The webcams are not accessible from the Ice Alaska web site yet, but you haven't missed much. All we've done to our block so far is to drill holes into it from the rear and mark up the sides. When the webcam is up, it should be accessible from here. Hey, it looks like Junichi and Heather are carving an octopus. I bet they made sucker bits too! Weird. Last year it seemed that everybody was carving birds, including us, so I guess we've been assimilated into the collective consciousness.

bed time

Some joker at Belfair added to our model. Lars is still working on lesson plans, but I'm going to bed.

site 40

Lars and I will be carving in site 40 which is the closest site to the warming hut and most of the other facilities at Ice Park. Watch us on our webcam at icealaska.com starting Tuesday at 9:00 AM AKST.

a long Monday

I was glad to be able to go back to bed for a while after Lars went to work. A couple hours later I had breakfast with Sharon and then spent some time preparing a new official sketch (to submit to Ice Alaska) from the clay model. I also drew side and front block layout diagrams so that we will know where to start cutting Tuesday morning. Later in the day I made the smallest two sucker bits and tested and tuned the entire set. The two largest bits were considerably out of alignment, so they chattered a great deal, causing terrible destruction to the ice. I was able to straighten out their shafts with a hand file, and this improved their performance greatly.

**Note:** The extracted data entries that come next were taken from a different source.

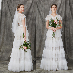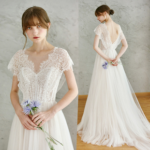 新款 蕾丝新娘婚纱设计师V领显瘦露背甜美超仙森系草坪婚纱旅拍纱
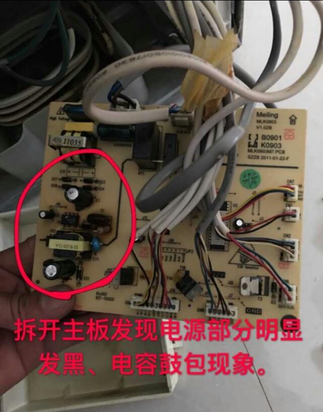 拆开电器盒露出主板,发现主板的电源部分有明显发黑及电源鼓包现象。
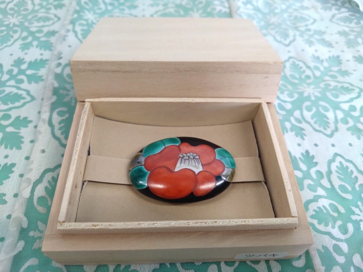 - ●九谷焼 伝統工芸士【幸】銘あり 井出幸子 椿 ツバキ 陶器 帯留め 帯留 帯飾り 和装小物 元箱 桐箱 付き 未使用品 ③
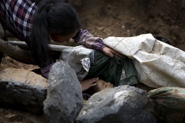 云南魯?shù)榭h龍頭山鎮(zhèn)營(yíng)盤村,地震中失去三歲兒子的普菊,摸著孩子的額頭,卻再也不能喚醒他。
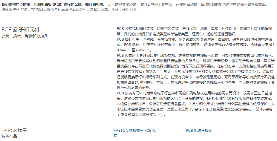 通过 TE 端子、断路器和应用工具实现与印刷电路板的可靠连接。
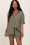 Lavender Short Sleeve Button Down Shirt Shorts Set
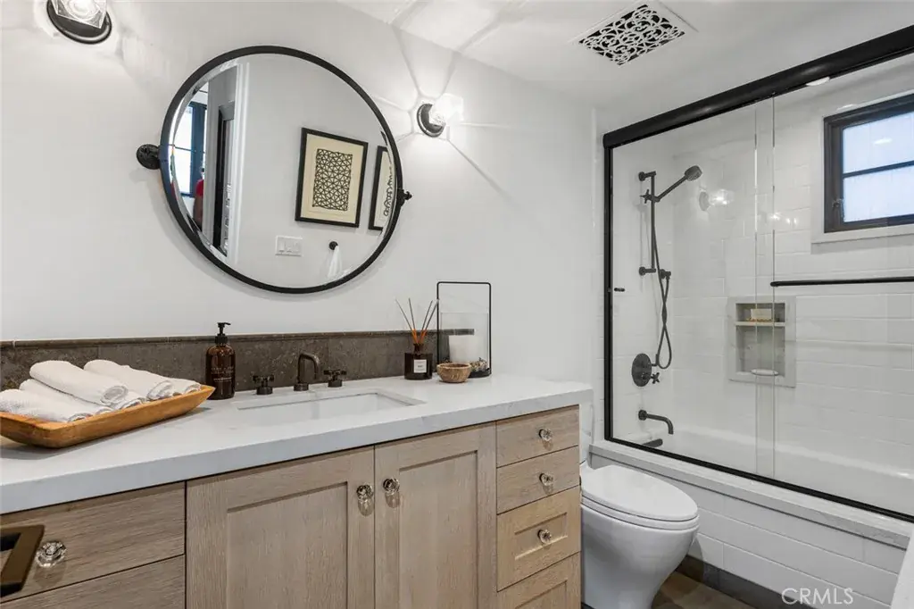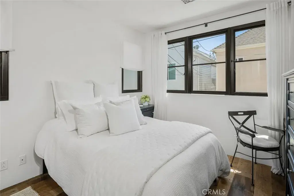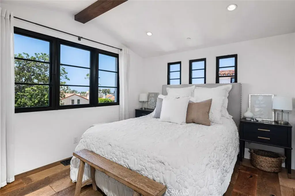 Beautifully finished Spanish Modern rear residence offering 2 bedrooms, 2 bathrooms, and 888 sq ft plus 205 sq ft covered patios of coastal living in the heart of Corona del Mar’s Flower Streets. The home features stunning wood floors, steel-framed windows, and an inviting turquoise kitchen with polished concrete countertops, gas range, and refrigerator. Quality craftsmanship is reflected throughout with premium bath fixtures, limestone flooring in the upper-level bath, Nest climate control, tankless water heater, and water softening system. Enjoy exceptional outdoor living with both a covered rooftop deck and an open rooftop terrace, each capturing ocean and Catalina views. Parking includes a one-car garage plus one covered carport. The property’s exterior enhances the ambiance with architectural details best appreciated in person. A rare opportunity in an unbeatable coastal location offering flexibility, charm, and elevated design.
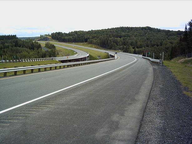 J’ai profité de l’occasion pour vous montrer à quoi ressemble un sautoir à chevreuils. Pour faire sortir les chevreuils de l’emprise de la route, certaines administrations, comme au Nouveau-Brunswick, par exemple, installent des barrières à sens unique, aussi pratiques pour les orignaux, mais dont la fiabilité est parfois douteuse. Au Québec, par contre, on aménage ce type de sautoir dans les secteurs où l’on retrouve surtout du chevreuil. Apeuré par les véhicules, le chevreuil suit la clôture, et monte la petite pente, pour finalement sauter au bout du muret de béton, dont on voit l’extrémité.

Lars returned to Belfair in the afternoon. We disassembled Sleipnir and the lathe, loaded up the trailer, and headed to ice park. Just past UAF, a neighborly driver informed us that the trailer had a flat tire! Since were were only a mile from Ice Park, Lars decided to drive on slowly. Thankfully it turned out that the tire did not suffer any additional damage; Lars was able to re-inflate it for the short trip from the parking lot to our site later in the evening.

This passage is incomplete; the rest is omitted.